▶ _Given records_:
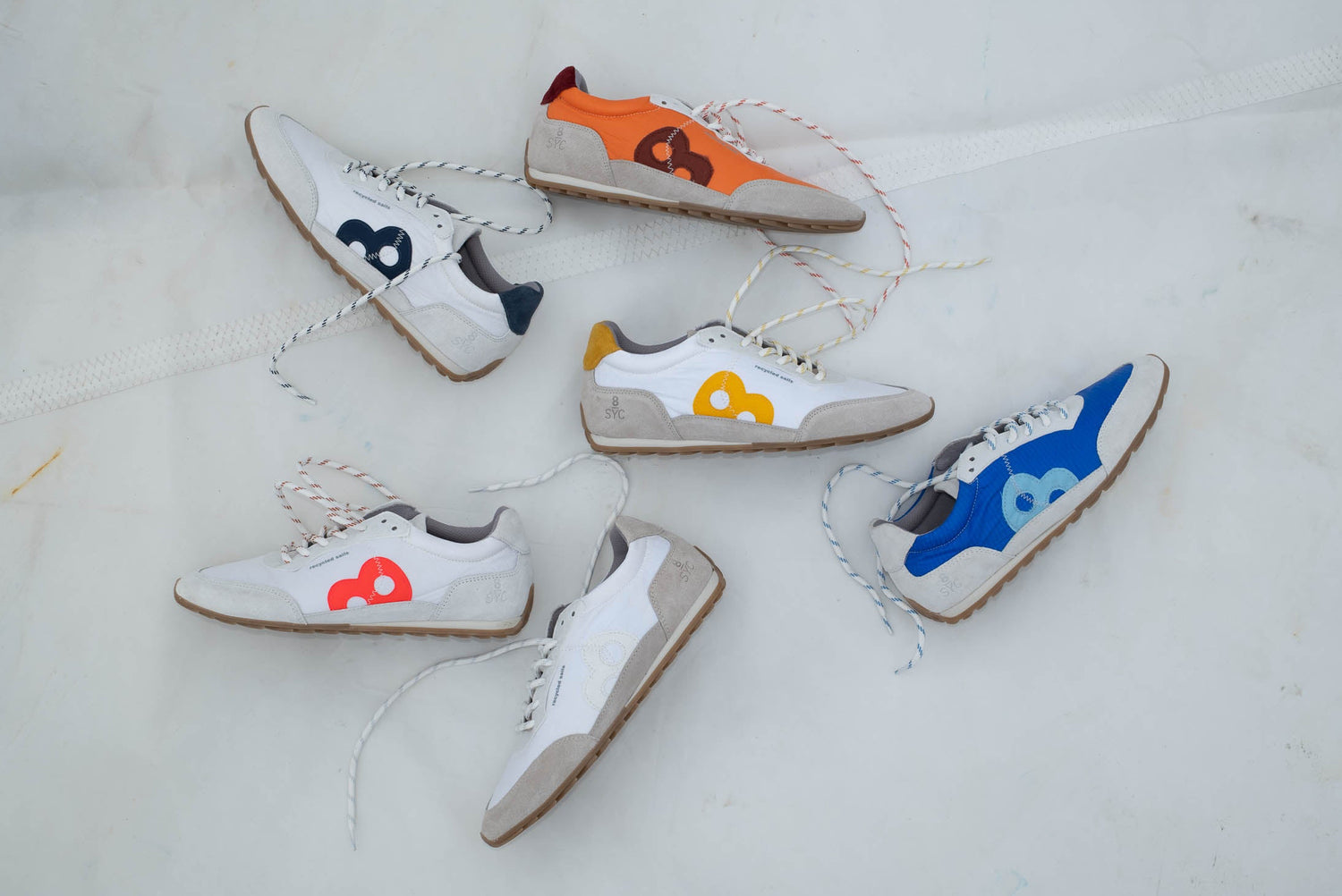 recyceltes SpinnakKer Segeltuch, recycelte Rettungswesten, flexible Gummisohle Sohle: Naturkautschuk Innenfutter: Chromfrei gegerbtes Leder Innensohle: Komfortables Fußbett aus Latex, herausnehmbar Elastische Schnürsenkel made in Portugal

* * *

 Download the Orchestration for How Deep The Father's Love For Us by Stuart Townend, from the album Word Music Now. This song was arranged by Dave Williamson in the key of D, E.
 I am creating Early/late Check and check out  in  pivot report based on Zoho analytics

* * *

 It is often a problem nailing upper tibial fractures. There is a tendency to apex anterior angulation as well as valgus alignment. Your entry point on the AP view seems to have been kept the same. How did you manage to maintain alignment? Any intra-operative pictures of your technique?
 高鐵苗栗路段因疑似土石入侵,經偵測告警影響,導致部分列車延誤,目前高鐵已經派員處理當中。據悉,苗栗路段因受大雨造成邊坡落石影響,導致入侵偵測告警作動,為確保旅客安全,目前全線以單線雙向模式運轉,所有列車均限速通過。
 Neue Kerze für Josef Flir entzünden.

▶ _Assigned task_: What you return must be an exact retyping of the lines above starting at the line with "Download the Orchestration" and ending at the line with "I am creating", and nothing besides.

▶ _The completed task_:
 Download the Orchestration for How Deep The Father's Love For Us by Stuart Townend, from the album Word Music Now. This song was arranged by Dave Williamson in the key of D, E.
 I am creating Early/late Check and check out  in  pivot report based on Zoho analytics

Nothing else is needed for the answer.